▶ _SOURCE DATA_
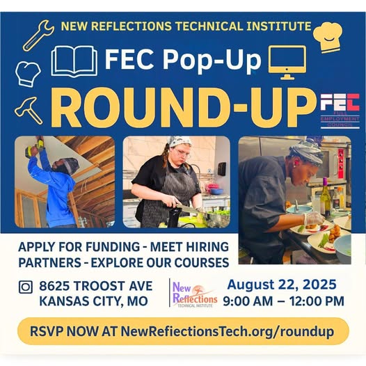 π¨ Ready to start your career, but not sure how to pay for training. Join us for the FEC Round-Up on Friday, August 22nd from 9AM to 12PM at New Reflections Technical Institute β 8625 Troost Ave, KCMO. Whether youβre interested in CDL, Culinary Arts, Construction, Computer Support, or Accounting β this event connects you with funding partners to get your tuition covered.
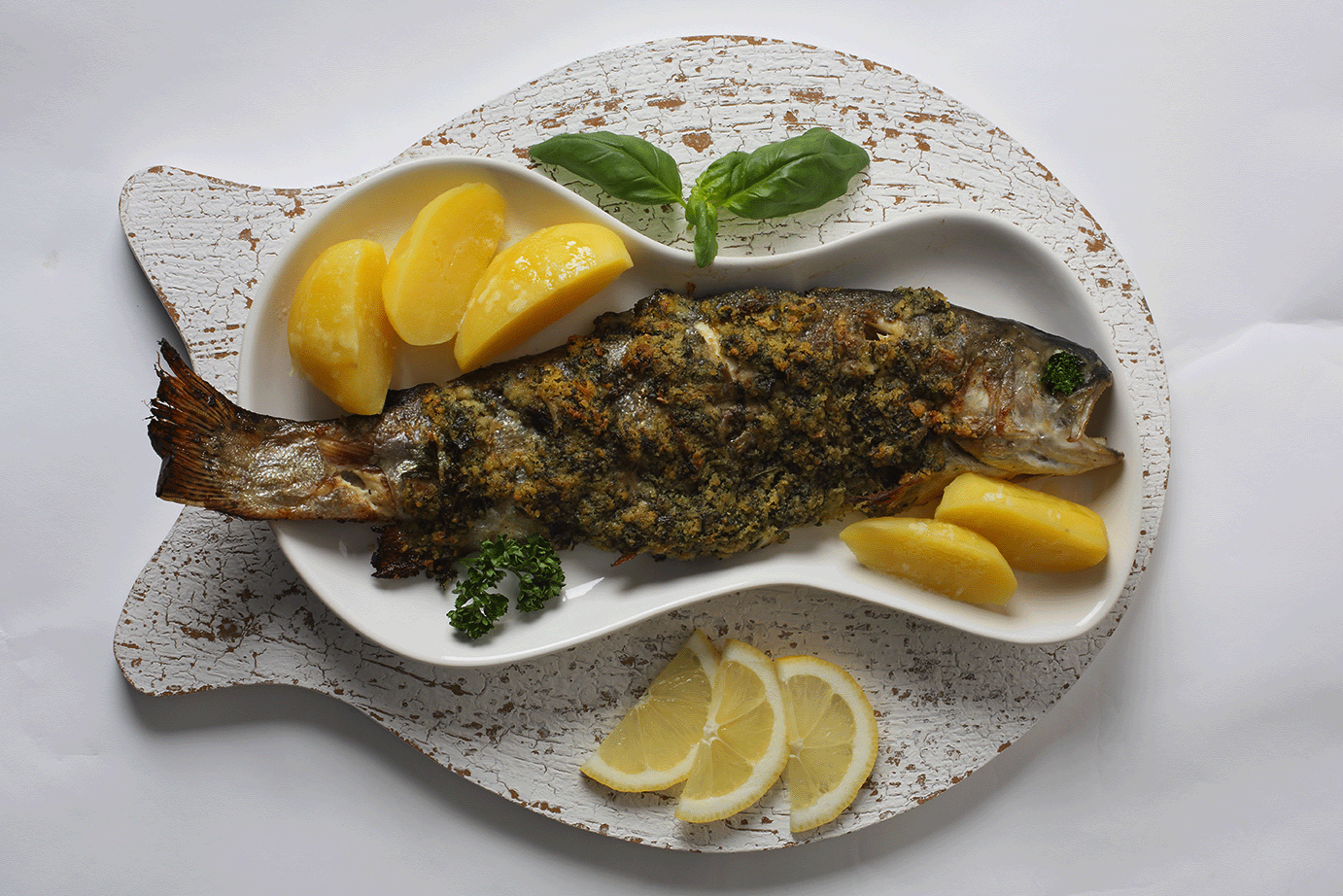 Oloupaný česnek utřeme se solí a promícháme s najemno nakrájenou petrželkou a bazalkou. Pstruha omyjeme, necháme mu hlavu a ocas. Vnitřek pokapeme citronovou šťávou a pstruha potřeme polovinou bylinkové směsi. Zlehka ho poprášíme moukou a osmažíme v pánvi na rozehřátém másle asi půl minuty z každé strany. Do druhé části bylinkové směsi přimícháme větší část másla a strouhanku. Pstruha položíme do zapékací mísy vymazané máslem a potřeme ho na povrchu druhou částí bylinkové směsi, do které jsme přimíchali strouhanku a máslo. Pstruha pokapeme citronovou šťávou, vložíme do trouby vyhřáté na 190 °C a pečeme zakryté asi 25 minut, dokud krusta na povrchu nezezlátne (ke konci pečení pstruha odkryjeme). Podáváme s vařenými bramborami.
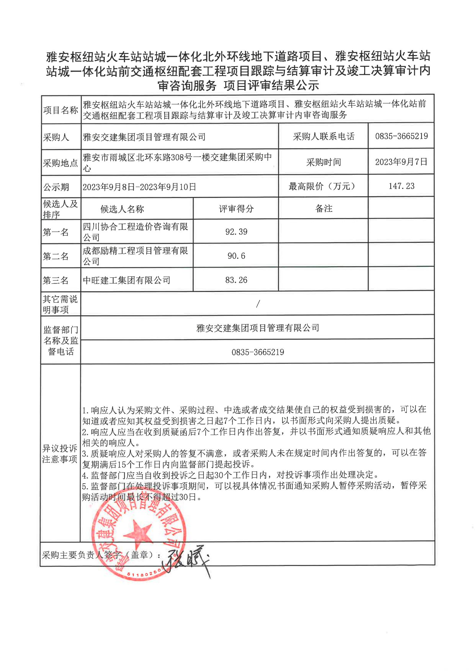 雅安交建集團(tuán)項(xiàng)目管理有限公司雅安樞紐站火車站站城一體化北外環(huán)線地下道路項(xiàng)目、樞紐站火車站站成一體化站前交通樞紐配套工程項(xiàng)目跟蹤與結(jié)算審計(jì)及竣工決算審計(jì)內(nèi)審咨詢服務(wù)項(xiàng)目評審結(jié)果公示
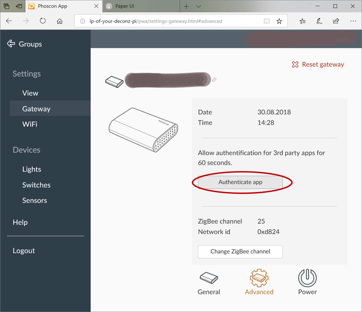 Before proceeding, go back to your Deconz window and click in the Gateway → Advanced configuration → Authenticate app. This does the same as pressing the connect button a real HUE bridge:
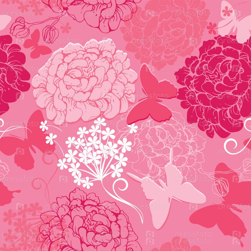Бесшовный розовый фон с силуэтами бабочек и цветами
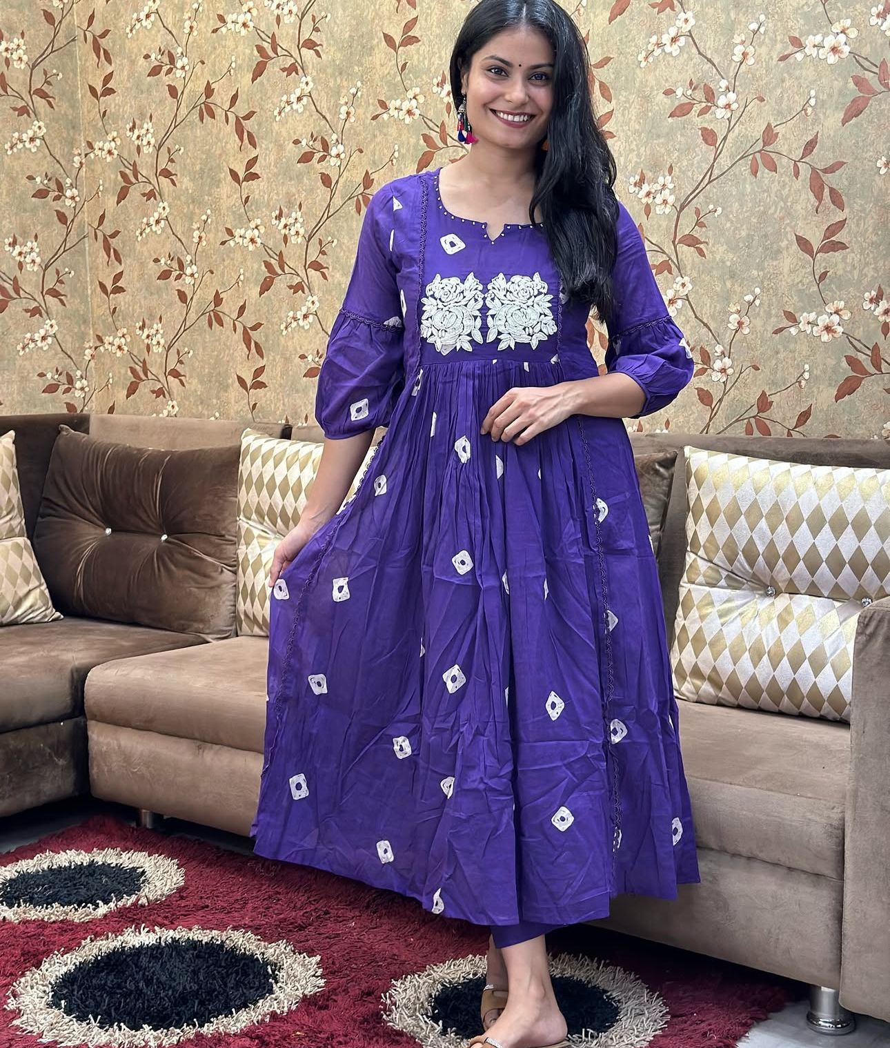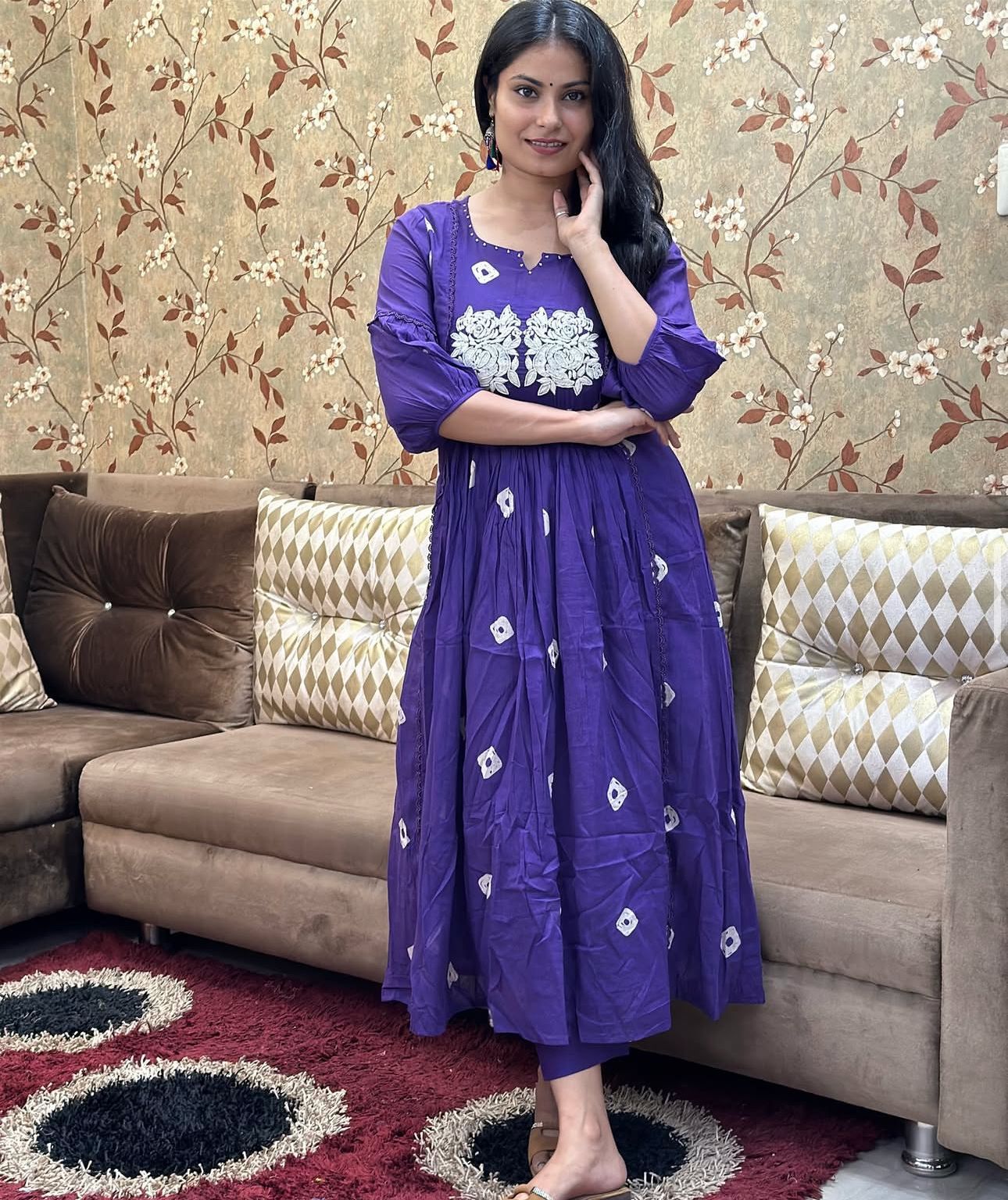 Elevate your ethnic wardrobe with this Blue Color Printed Embroidered Cotton Anarkali Kurti Pant Co-Ord Set. Crafted from premium cotton, the Anarkali kurti features intricate embroidery and delicate lace detailing, adding a touch of elegance. Paired with matching pants, this ensemble is perfect for festive occasions, casual outings, or family gatherings. Its breathable cotton fabric ensures comfort, while the stylish design enhances your look effortlessly. Experience timeless grace and modern charm with this beautifully crafted salwar kameez suit.
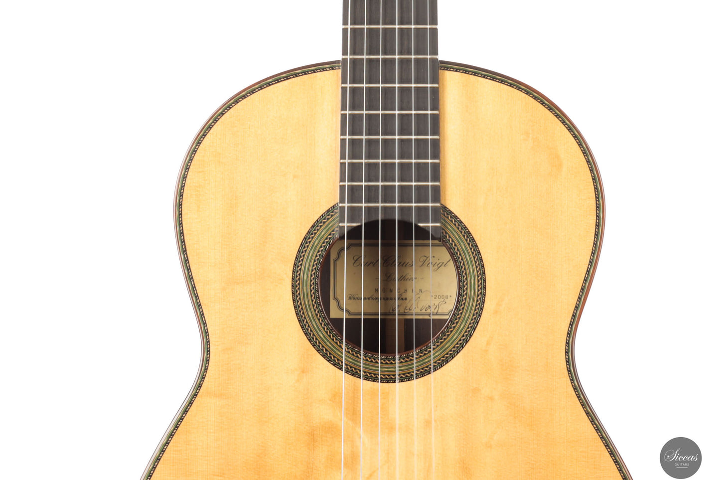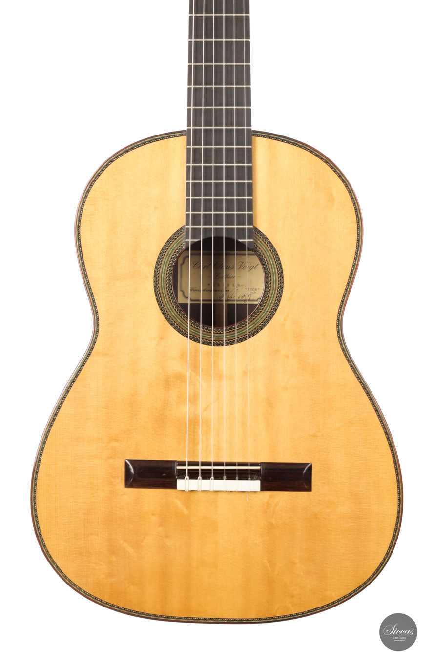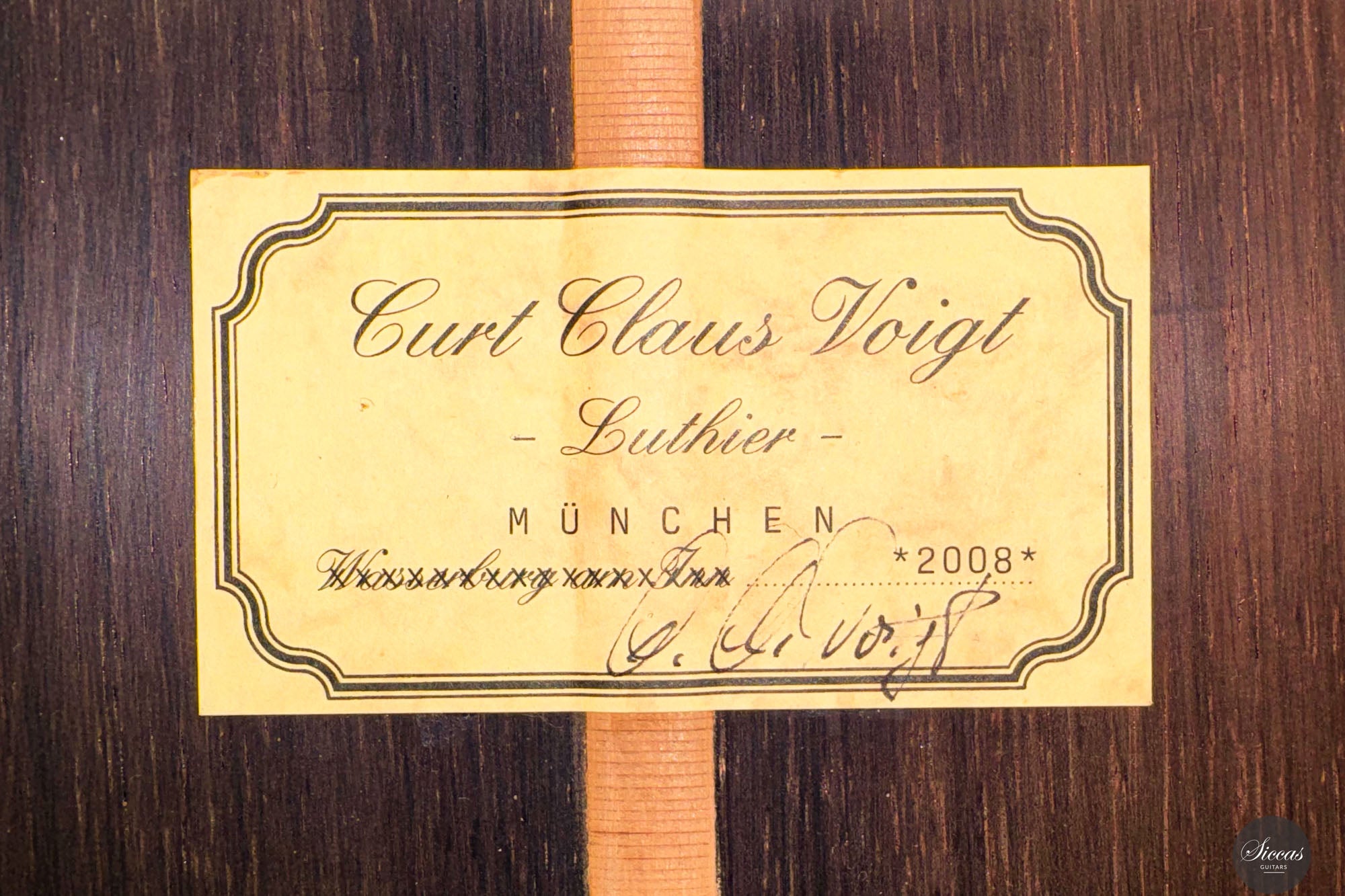 Curt Claus Voigt began his apprenticeship in Markneukirchen, at the company Marma, Karl Bauer KG, a small factory with 8-10 guitar makers, which manufactured almost all types of guitars, including classical, jazz, and Hawaiian, as well as electric guitars and basses, mandolins and banjos. He was trained by his grandfather Kurt Voigt, his father Günter Voigt, and the master violin maker Hans Zölch to deepen his understanding of historical instruments. Curt Claus passed his master’s examination in 1980 and began to work freelance as a restorer of historical plucked instruments for museums and private collectors (Grassi Museum Leipzig, Erfurt Anger Museum, City Museum Meiningen; Volkskundemuseum Teodone, Brunico, South Tyrol and others). In 1988 he took over the company Kurt Voigt & Son from his father and moved to Wasserburg am Inn, Upper Bavaria. Curt Claus continued his education through workshops with Jose Romanillos (in 1991 and 1994) and with numerous studies of historic instruments in museums and private collections throughout France, England, Czech Republic, Austria, Italy and Spain.About the guitar

▶ _ASSIGNED TASK_
Both the line above containing "Oloupaný česnek utřeme" and the line containing "Бесшовный розовый фон" belong in the copy, along with every line between them; print these exactly and omit the pictures.

▶ _YOUR SOLUTION_
 Oloupaný česnek utřeme se solí a promícháme s najemno nakrájenou petrželkou a bazalkou. Pstruha omyjeme, necháme mu hlavu a ocas. Vnitřek pokapeme citronovou šťávou a pstruha potřeme polovinou bylinkové směsi. Zlehka ho poprášíme moukou a osmažíme v pánvi na rozehřátém másle asi půl minuty z každé strany. Do druhé části bylinkové směsi přimícháme větší část másla a strouhanku. Pstruha položíme do zapékací mísy vymazané máslem a potřeme ho na povrchu druhou částí bylinkové směsi, do které jsme přimíchali strouhanku a máslo. Pstruha pokapeme citronovou šťávou, vložíme do trouby vyhřáté na 190 °C a pečeme zakryté asi 25 minut, dokud krusta na povrchu nezezlátne (ke konci pečení pstruha odkryjeme). Podáváme s vařenými bramborami.
 雅安交建集團(tuán)項(xiàng)目管理有限公司雅安樞紐站火車站站城一體化北外環(huán)線地下道路項(xiàng)目、樞紐站火車站站成一體化站前交通樞紐配套工程項(xiàng)目跟蹤與結(jié)算審計(jì)及竣工決算審計(jì)內(nèi)審咨詢服務(wù)項(xiàng)目評審結(jié)果公示
 Before proceeding, go back to your Deconz window and click in the Gateway → Advanced configuration → Authenticate app. This does the same as pressing the connect button a real HUE bridge:
Бесшовный розовый фон с силуэтами бабочек и цветами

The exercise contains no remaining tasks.